1. Pre-defined Selectors
Sometimes the selectors of a structure are already defined in full racket. In this case you need to make use of struct->vector and vector-ref to define a new function which extract the specific field of a structure.
For example, there is a structure File which has data definition
(define-struct file (name size owner))
;; A File is a (make-file Str Nat Sym)
file-size is a build in function in full racket. You can define the following function which works the same as the selector of a file.
;; my-file-size: File -> Nat
(define (my-file-size f)
(vector-ref (struct->vector f) 2))
Number 2 represents the second field of the structure.
2. Requiring Files
Sometimes students need to require some other files in their solutions. You need to include these required files in the same folder where you put [file name]-tc.rkt as well. Also, if these required files are in a teaching language, you may want to get rid of #lang racket and include the following codes at the beginning of these files:
;; The first three lines of this file were inserted by DrRacket. They record metadata
;; about the language level of this file in a form that our tools can easily process.
#reader(lib "htdp-intermediate-lambda-reader.ss" "lang")((modname [file-name]) (read-case-sensitive #t) (teachpacks ()) (htdp-settings #(#t constructor repeating-decimal #f #t none #f () #t)))
The first bolded portion is the language you want this file to use. You can set it to whichever teaching language version that is relevant to the assignment.
If students have unfilled Tests/Cases or Highlighting rubric criteria n MarkUs after you run the MarkUs script for filling in check testcases results, the may have the following problems:
- You can check whether students have syntax/run-time errors in their codes. Copy their codes in your DrRacket and see if it complains about errors. If it has any error, you can give 0 to all questions in the same file which also contains the error.
- If the file “runs” and there is a black highlighting issue in the file, it is possible that there are some run-time errors in students’ codes that are locally defined but are never tested by the students (through check-expect/within/error). You can check test-result and see if it is the case. If it is, you may have set the [filename]-tc.rkt with a non-simple collector. You should set it to simple collector if the questions don’t ask for templates. You may need to re-run autotesting on check testcases, re-make AUTOTESTING.ss, and re-auto fill marks if many students have this error.
- It is possible that all the conditions above don’t fit your current situation. In this case, it may be because you forgot to include some conditions in your codes (tc.rkt) which caused errors while running the check test case scripts like checking list? before using andmap/ormap.
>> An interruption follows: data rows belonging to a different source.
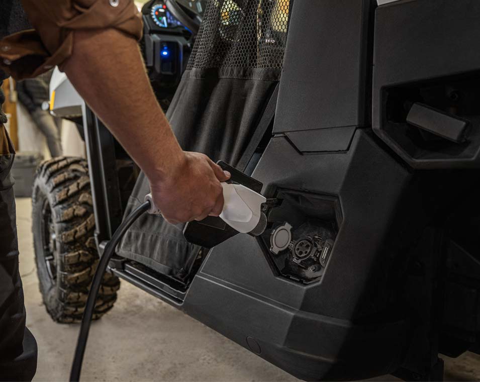 - Pantalla táctil de 7 "(accionable con guantes) con sistema infoentretenimiento EV (incluye autonomía restante, estado de carga de la batería, estado de carga, indicador de lanzamiento, diagnóstico del sistema y más), limitación de velocidad, modo pala, sistema de navegacion GPS con sistema Ride Command, temperatura del aire, Bluetooth, radio AM / FM, Cuadro con dos indicadores analógicos, con centro de información para el conductor con pantalla LCD multicolor de 4": con informacion de, uso de energía y regeneración %, estado de carga de la batería %, autonomía restante, evaluacion de carga, temperatura de la batería, temperatura del motor, voltaje de los accesorios, velocímetro, odómetro, cuentakilómetros, indicador de marcha, indicador de servicio y códigos, intervalos de servicio programables, recordatorio del cinturón de seguridad, iluminación de fondo y brillo seleccionables por el usuario, Asientos premium con respaldos contorneados y logo Polaris bordado, volante premium y detalles interiores, sistema eléctrico Polaris Pulse (6 posiciones) para accesorios, toma de corrientee DC, puerto USB doble, caja de carga con puerto SAE de 12 V con interruptor de encendido / apagado en el tablero, altavoces integrados, cámara trasera, *conectividad con la +App Ride Command
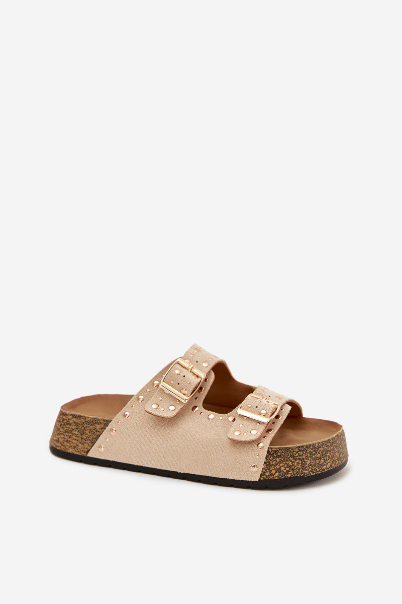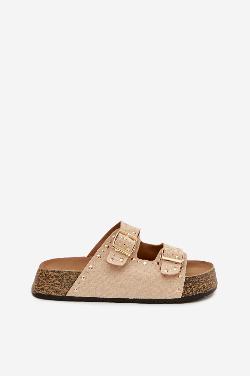 Sieviešu ziloņkaula krāsas čības ar zelta krāsas sprādzēm un naglām Tervina
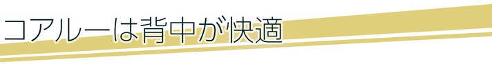コアルーバッグのリュック姿は背中ではなくどちらかというと腰とお尻に来ています。一見、揺れたりぐらついたりするのではないかと心配になる方もいらっしゃいますが、安定感は抜群! 何より背中に汗が溜まりにくいメリットがあります。
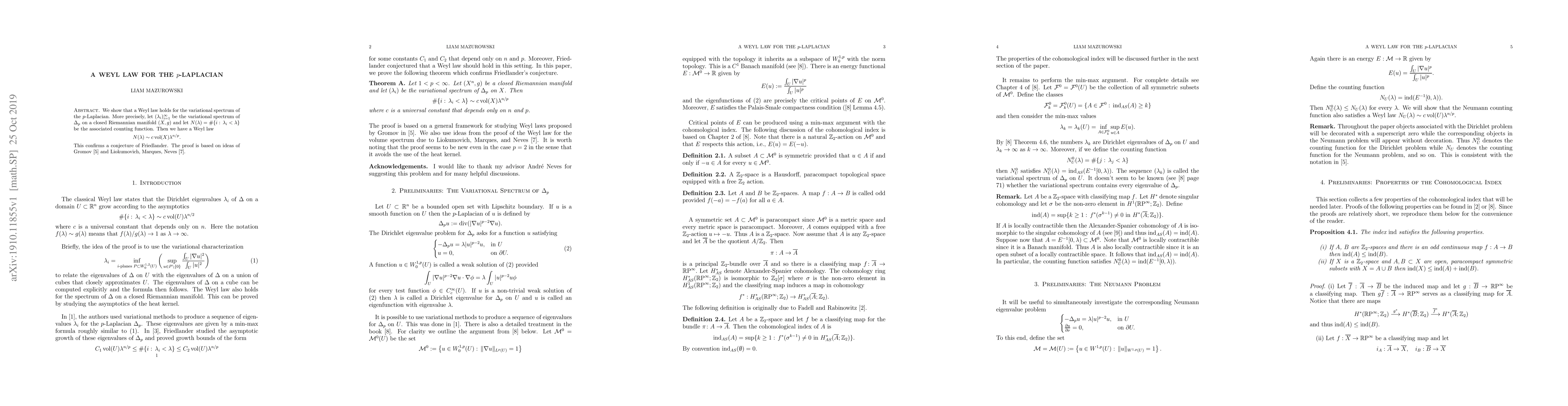 This paper establishes a Weyl law for the $p$-Laplacian on closed Riemannian manifolds, confirming Friedlander's conjecture. The variational spectrum of $\Delta_p$ follows a counting function $N(\lambda) \sim c \operatorname{vol}(X) \lambda^{n/p}$, where $c$ is a constant. The proof leverages insights from Gromov, Liokumovich, Marques, and Neves.
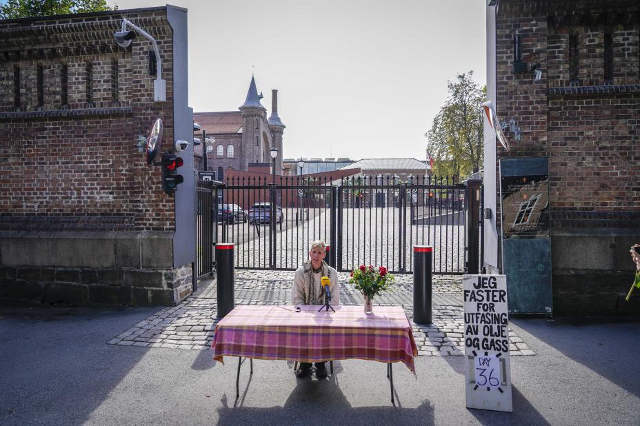 Vebjørn Bjelland Berg sultestreiker for utfasing av olje og gassproduksjon. Onsdag flyttet han protesten fra Eidsvolls plass til Statsministerens kontor. Foto: Jonas Fæste Laksekjøn / NTB
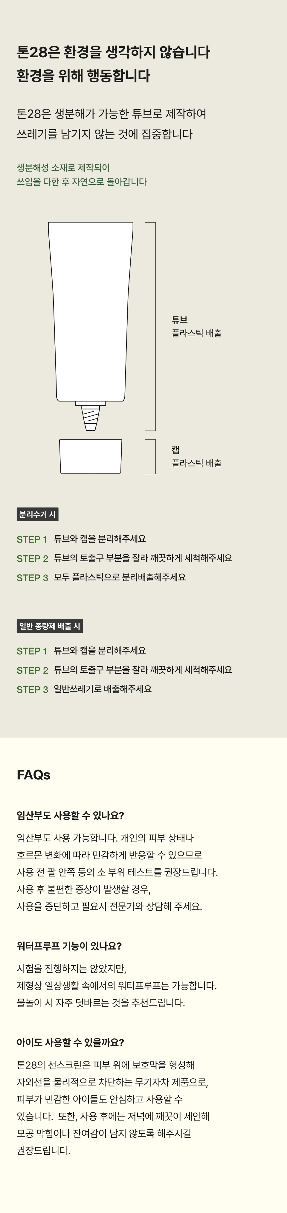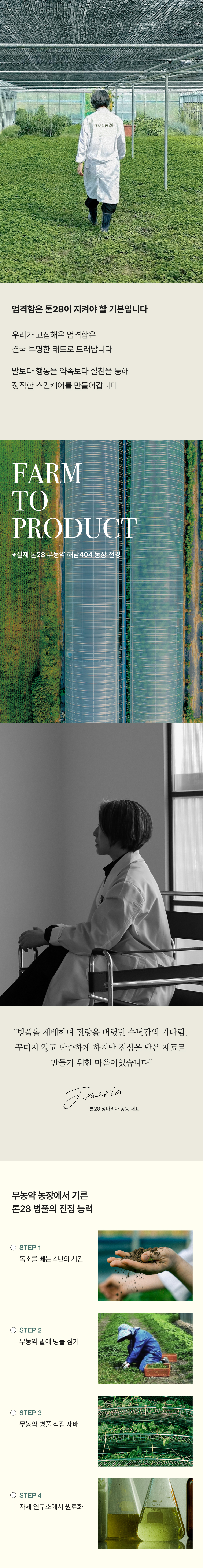 톤28(TOUN28)은 화장품의 성분은 안정적으로 지키면서도 플라스틱 사용량을 줄여 환경에 무해한 종이 패키지를 만드는 데 성공하였습니다. 마케팅 위주가 아닌, 성분 90%와 용기 10%라는 원칙을 정직하게 지켜나가며 오직 격이 다른 성분의 화장품을 빚어내고 있습니다. 톤28은 사람과 자연 모두에게 유익하고 건강한 아름다움을 전하기 위해 행동합니다.
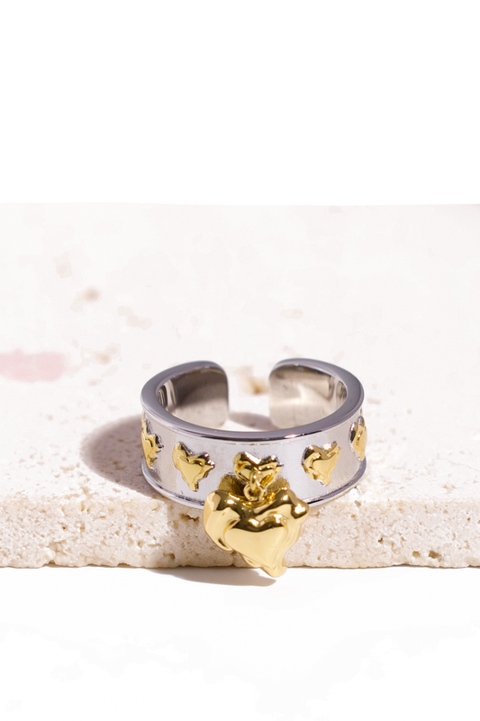 [Ring] Two-Tone Adjustable Ring with Dangling Gold Heart Charm, Stainless Steel 18K Gold-Plated
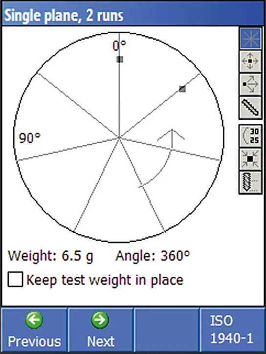 Field rotor balancing in single plane according to ISO 1940-1 standard with an initial vibration measurement guiding the user through a balancing procedure with suggestions for correcting the imbalance.
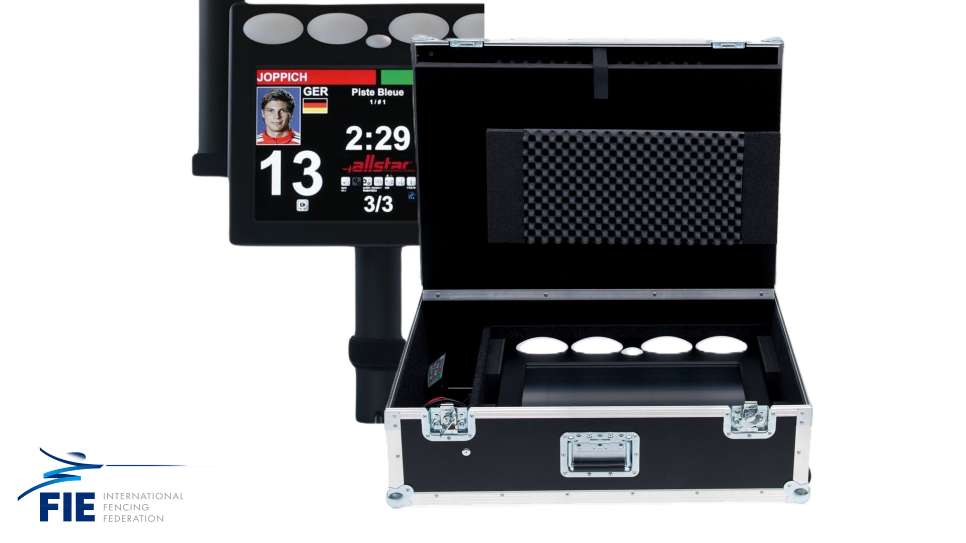 In Verbindung mit dem System-Standfuß* und den aufsteckbaren Hochleuchten* ist der FMA21 derzeit das wohl leistungsfähigste und innovativste Fechtmeldegerät auf dem Markt.

- If students include some weird things in their codes and their files run (for example having incorrect structure names), you need to ask instructors what to do next.
If students have some check-expect/within with incorrect order of arguments ( (check-expect expected-value (function args)) ), usually, this should not cause problems. However, if students have check-expect like this
(check-expect some-list/structure/symbol (function args)), the script ignores these tests.
If students have test cases like the following:
(check-expect Num (function args ...)), it should still be collected by the script.
(This is extremely outdated, and not exactly how the current scripts work)
Let's trace through the demo example. There are two scripts, demo.rkt which is the main script, and collector.rkt, which is a helper script. You can rename demo.rkt if you want.
demo.rkt needs one argument: the path to the student's file. It will first create a modified copy of the student's code, and save the modified copy as .check-testcases-tmp-file.rkt. This temporary file will be saved in the same directory as the script.
The file .check-testcases-tmp-file.rkt is the same as the student's code, except:
add-a-testcase consumes a list representing a check-expect test, and adds it to the front of the list testcases. The function produces (void). For example, (add-a-testcase '(check-expect (add1 4) 5)) will add the list '(check-expect (add1 4) 5) to the front of testcases. The script collector.rkt re-defines check-expect such that the new check-expect will call add-a-testcase.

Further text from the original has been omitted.